Your objective. The span to repeat in the listing below runs from the line containing "Christiano Antonucci/ Secom-MT" to the line containing "No setor agropecuário, o", inclusive. Repeat it exactly, and only it.

*** Opening Given entries ***

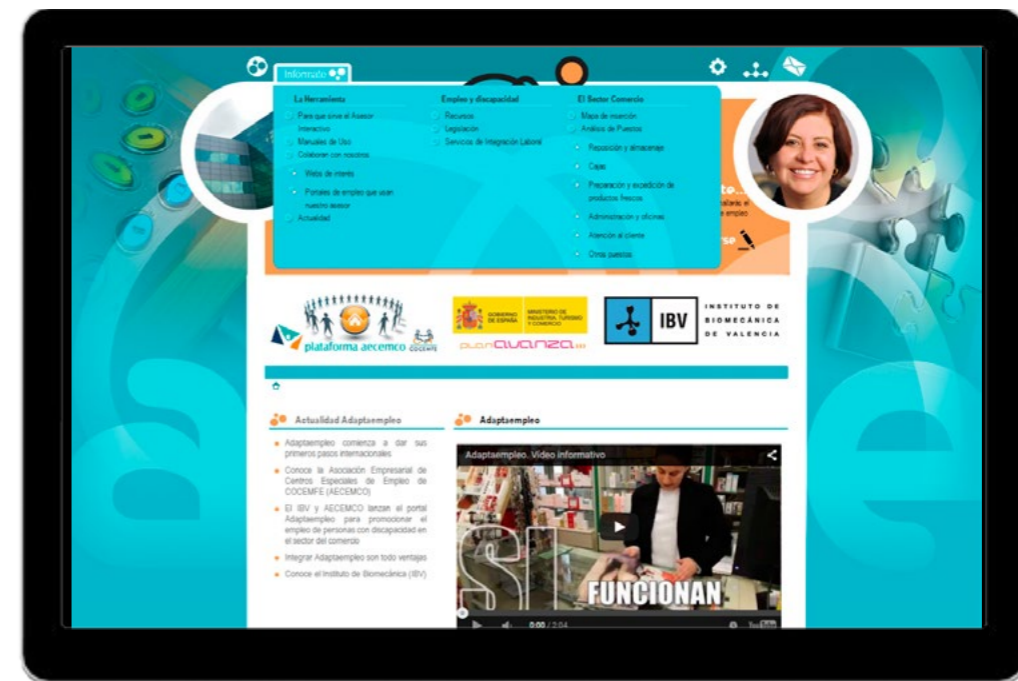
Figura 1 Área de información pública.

*** Closing Given entries ***
*** Opening Given entries ***

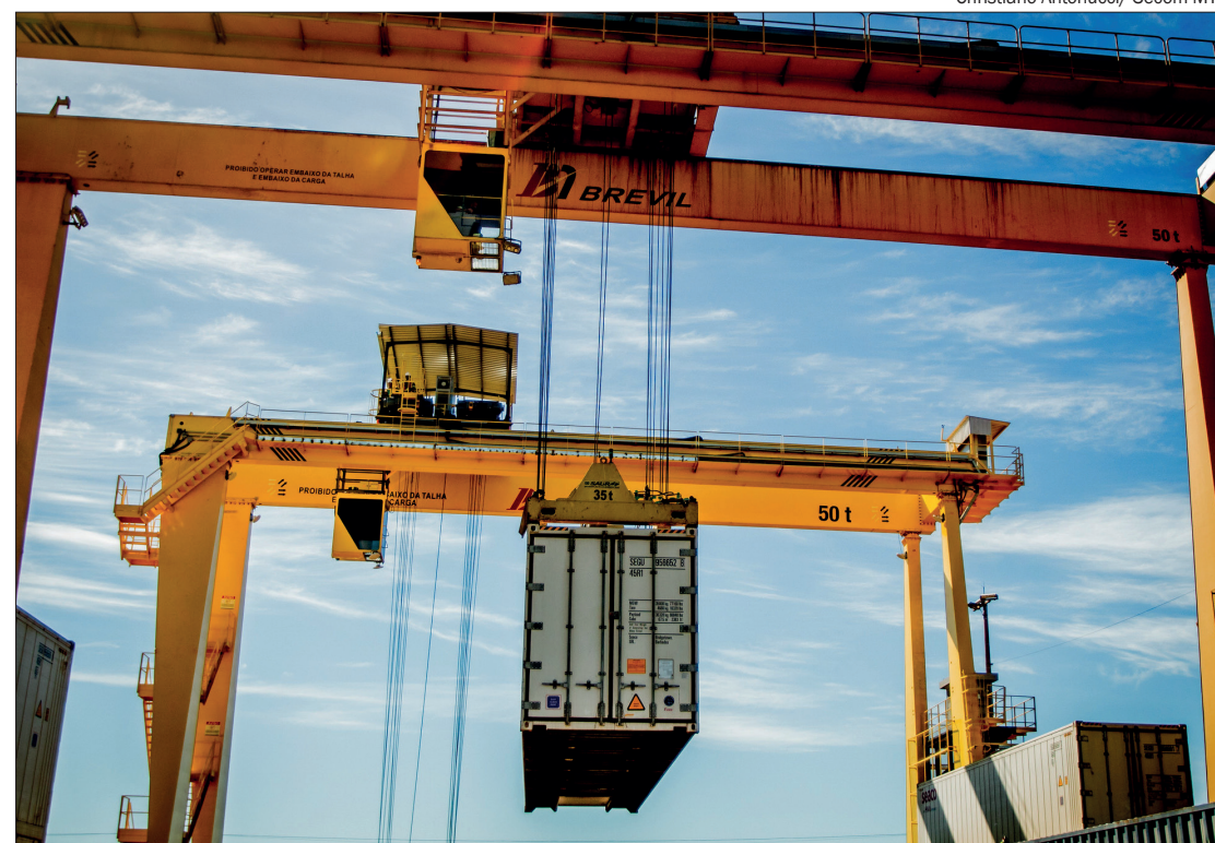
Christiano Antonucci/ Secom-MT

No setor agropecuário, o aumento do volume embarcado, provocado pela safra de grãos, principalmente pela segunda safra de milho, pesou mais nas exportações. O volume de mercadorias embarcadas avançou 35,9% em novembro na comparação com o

*** Closing Given entries ***

Task solution.
Christiano Antonucci/ Secom-MT

No setor agropecuário, o aumento do volume embarcado, provocado pela safra de grãos, principalmente pela segunda safra de milho, pesou mais nas exportações. O volume de mercadorias embarcadas avançou 35,9% em novembro na comparação com o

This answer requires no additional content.